Poor performance of GCond on Amazon dataset #18

Open atpugludrim opened 2 months ago

atpugludrim commented 2 months ago

Hi, I am running GCond on the Amazon dataset. The setting is as follows: I have added appropriate data loading, train-val-test split creation script in your code. And now I run it to generate say 73 nodes out of ~7000 in Photos dataset, or ~130 nodes out of ~13000 nodes of Computers dataset (around 1% of the size). Then, I use these datasets to train a simple GCN (2-layered, with ReLU between the two layers, no batchnorm, no dropout, optimized with standard parameters of Adam, the standard stuff). This model fails to perform well. This model only predicts one single class. The performance is ~24% for Photos and ~37% for Computers, while the full train set performance is ~90% for both. And random gets to about ~66-72% for both.

So, is there a quick fix, like finding the optimum inner-outer loop parameters, or optimizing the SGC parameters?

P.S.: I noticed that the loss (gradient matching loss) printed out by your code at the 0th epoch is too high for these datasets (~97) which doesn't go down a lot, while for datasets like Cora, Citeseer, etc. it starts with ~1-3 and falls down below 1 very quickly.

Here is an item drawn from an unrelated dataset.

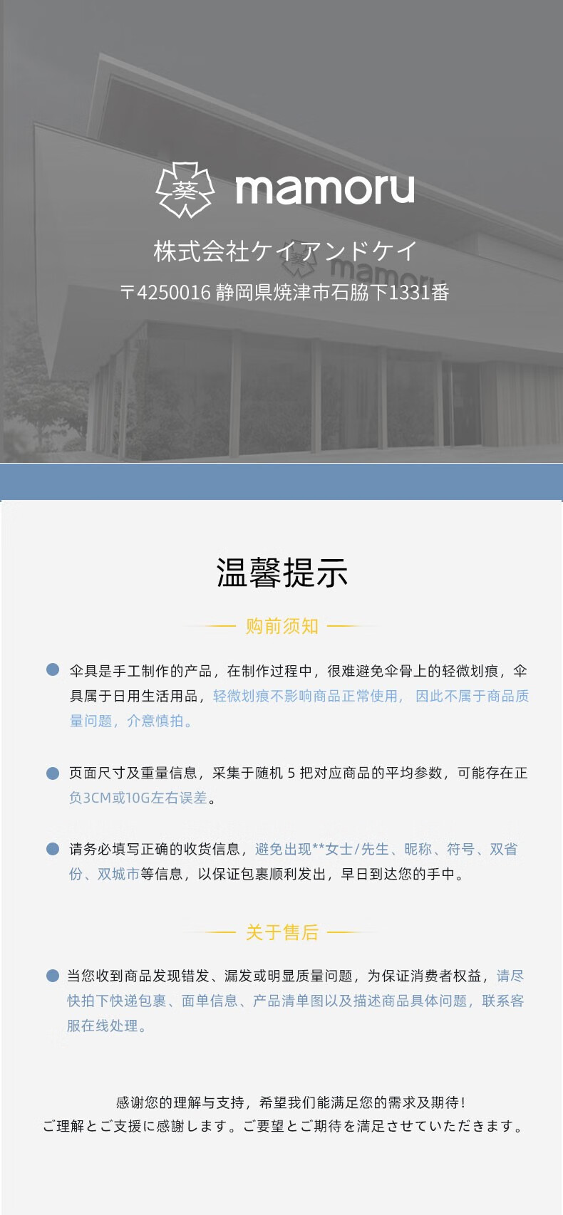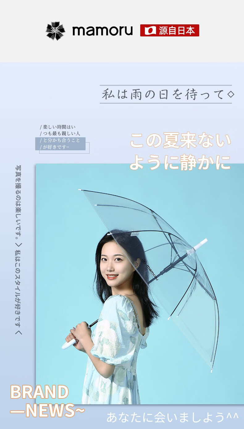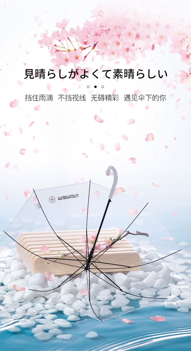 【分仓直发包邮】Mamoru弯把手(长柄)透明雨伞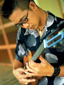 彼は〈ほのぼの楽器〉のイメージが強いウクレレの枠を超えて、ロックやジャズ、ブルーグラスなどさまざまなジャンルを飲み込む変幻自在なアーティストだ。ステージ上では、時にウクレレを歯で弾くというメタル・バンドも真っ青の悶絶プレイを披露したりもする。「ウクレレはシンプルな楽器だからこそ、プレイヤーにはクリエイティヴィティーや、よりイノヴェイティヴな要素が必要とされるんだ」と語るように、その影には常に新しいものへの挑戦と試行錯誤が感じられる。それはサーフィンという同じ趣味を持つ同郷のジャック・ジョンソンを「前から共感できる存在だったんだ。僕も彼も音楽的にハワイアンじゃないという意味でちょっとハズれているというか。ハワイからも新しいアーティストや作品が生み出されている証拠だと思う」と語ることからも伝わってくる。彼が常に〈ハワイ代表〉と括られがちな状況を思い切って打破した新世代のパイオニアのひとりであることは間違いない。

ChandlerBang commented 2 months ago

Hi, thanks for the question. I haven't tested amazon-photo or amazon-computers before. According to my experience, optimizingdis=mse tends to be more stabler compared to dis=ours; so you may try optimizing MSE loss first but typically with longer training epochs, e.g., python train_gcond_transduct.py --dataset cora --nlayers=2 --lr_feat=1e-3 --lr_adj=1e-3 --r=0.5 --sgc=0 --dis=mse --gpu_id=2 --one_step=1 --epochs=5000.